**WORK REQUIRED**. Please keep the pictures out and write out exactly the lines from the first in the data below through the one containing "Collana con pendenti", both included.

---------- MATERIAL FOR THIS TASK

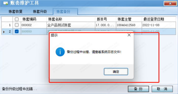 在账套维护工具备份账套时提示“备份过程中出错,请查看系统日志文件”
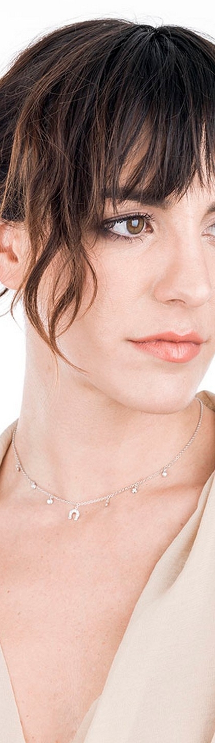 Collana con pendenti ferro di cavallo e punto luce in oro bianco 18k con diamanti
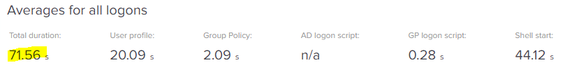 Well, we are ten episodes in to this series and as I originally intended spending about six months on this and now we’re up to a year and a half, it might be time to start bringing it to a close. The next (and hopefully final!) instalment will cover how much we can bring that logon time down if we optimize heavily, and also a full summary of the most important things you can do to try and generate good logon times for your users. Thanks for reading!
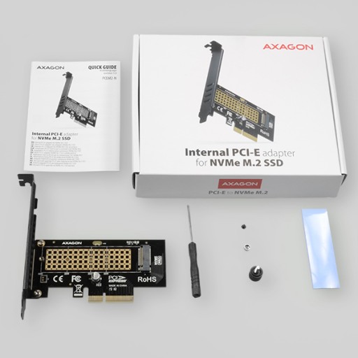 Adapter wewnętrzny AXAGON PCEM2-N umożliwia przyłączenie dysku SSD ze złączem M.2 do komputera stacjonarnego przy pomocy magistrali PCI-Express.
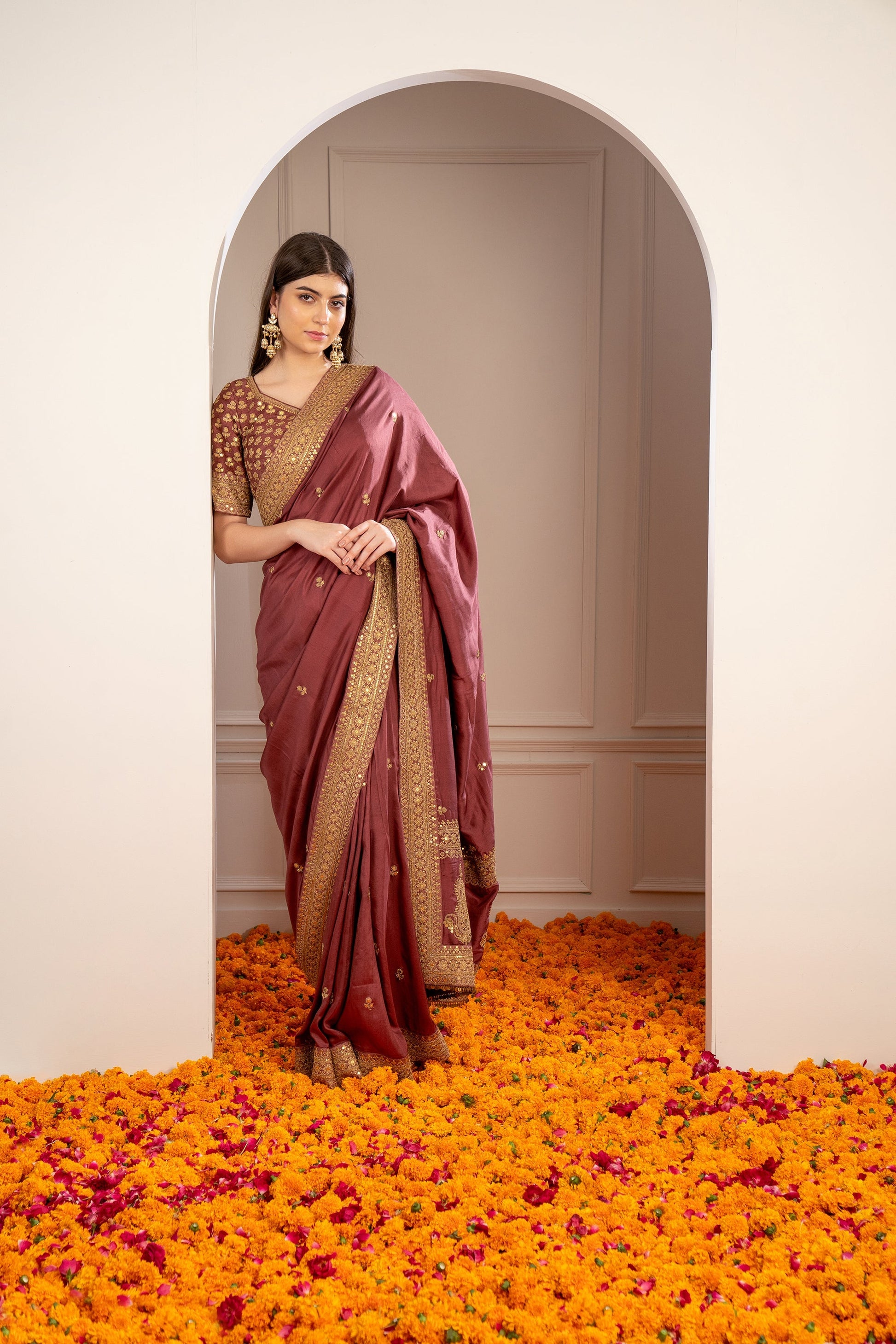 Brick red soft silk saree with pita work and sequins. 2) Paired with matching padded blouse.
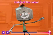 The player is supposed to move their own character around to catch the falling coins.
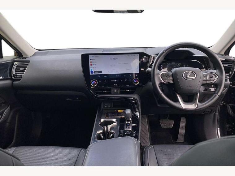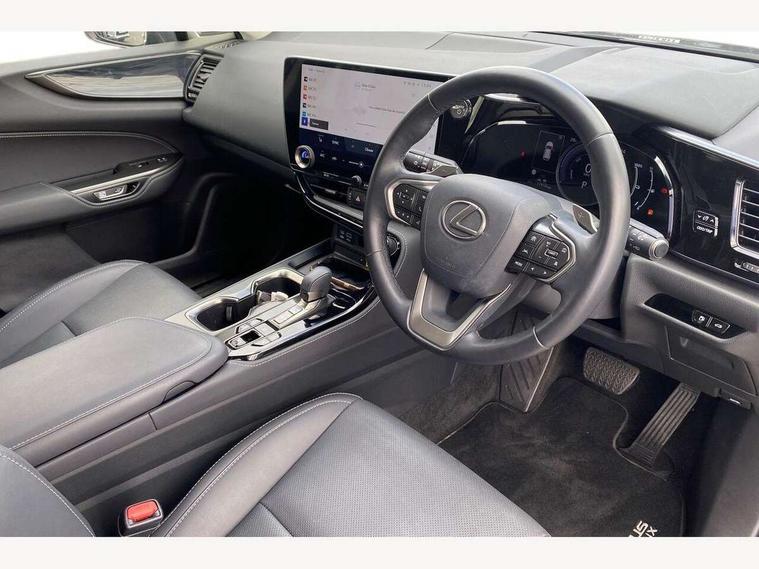 4 driving modes EV/Eco/Normal/Sport, 7" display in instrument binnacle, Blind spot monitoring with rear cross traffic alert, Bluetooth telephone connectivity, eCall emergency system, Electric speed sensitive power steering, Intelligent parking sensors - 4 front and 4 rear, Lane change flasher function, Lexus link connect - Cloud based navigation, cloud based voice assistant, always online and 9.8" VGA touchscreen, Push button starter, Reversing camera with back guidelines, Service interval indicator, Tailgate, Wireless Apple CarPlay and wired Android Auto, Wireless Smartphone charger, 6.6 kW onboard charger, All Wheel Drive (AWD), Hybrid automatic transmission, Vehicle Dynamics Integrated Management (VDIM), Vehicle Stability Control (VSC), 10 speakers, 4 USB ports - 2 front, one USB C, 2 rear USB C, DAB Digital radio, Auto dimming interior rear view mirror, Automatic headlights, Bi LED headlights, Double hidden exhaust pipes, Front and rear one touch power windows, with anti-jam protection, Heated, auto-folding, auto-dimming outside mirrors with reverse tilt function and turn indicators, Illuminated door handles with puddle light, LED brake lights and rear lights with emergency brake signal, LED cornering lights, LED daytime running lights, LED front fog lights, LED Indicators, Power back door with kick sensor, Privacy glass, rear doors and tailgate, Rain sensor windscreen wipers, Rear side wing doors, Rear wiper, Roof rails, 12V accessory port centre console and luggage compartment, 2 cupholders in front centre console, 2 way electrical lumbar adjustment for driver, 2 x fixed shopping bag hooks in boot, 2 x sun visors with vanity mirror and lamp, 3 seat bench in 2nd row, 4 x tie down hooks in the boot, 60/40 split folding rear seat, 8 way driver/passenger electrically adjustable front seats, Adjustable rear seat backrest, Card holder installed in driver and passengers sun visors, Centre armrest with storage box, Dual climate control air conditioning system, Front and rear head restraints, Front and rear textile carpet mats, Front passenger seat, Heated front seats, Heated steering wheel, Leather gear lever, LED interior illumination, Power adjustable leather steering wheel with paddle shifts, Premium Tahara leather upholstery, Rear centre armrest with 2 cupholders, Whiplash Injury Lessening (WIL) feature (active headrest) for seats, 2 x Isofix child rear seat restraints, 3 point ELR front seatbelts with pretensioners, 3x3 point rear seat belts, ABS, Adjustable seat belt anchor points, Driver and front passenger 2 stage airbag, Driver/front passenger side airbags, Drivers knee airbag, E-Latch with safe exit assist, EBD + Brake Assist, ECB (Electronically Controlled Brake System), Electronic parking brake, Front and rear curtain shield airbags, Front center airbag, Front passenger seat cushion airbag, Hill assist control, Lexus safety system - dynamic radar cruise control, pre collision system day and night, lane tracing assist, road sign, automatic high beam, OTA, Manual rear child locks, Passenger airbag cut-off device, Traction control, Tyre pressure warning, Anti-theft system with alarm, intrusion sensor, glass breakage sensor, tilt sensor and engine immobiliser, Locking wheel nuts, Smart keyless entry, Speed sensitive auto door locking, Two motion door lock with double lock, Ultra Wide Band (UWB) Anti-theft system, VIN Window etching, 3D prism black Inlay, Organic inlay, Tyre repair kit,

--------------------

**EXERCISE ANSWER**.
 在账套维护工具备份账套时提示“备份过程中出错,请查看系统日志文件”
 Collana con pendenti ferro di cavallo e punto luce in oro bianco 18k con diamanti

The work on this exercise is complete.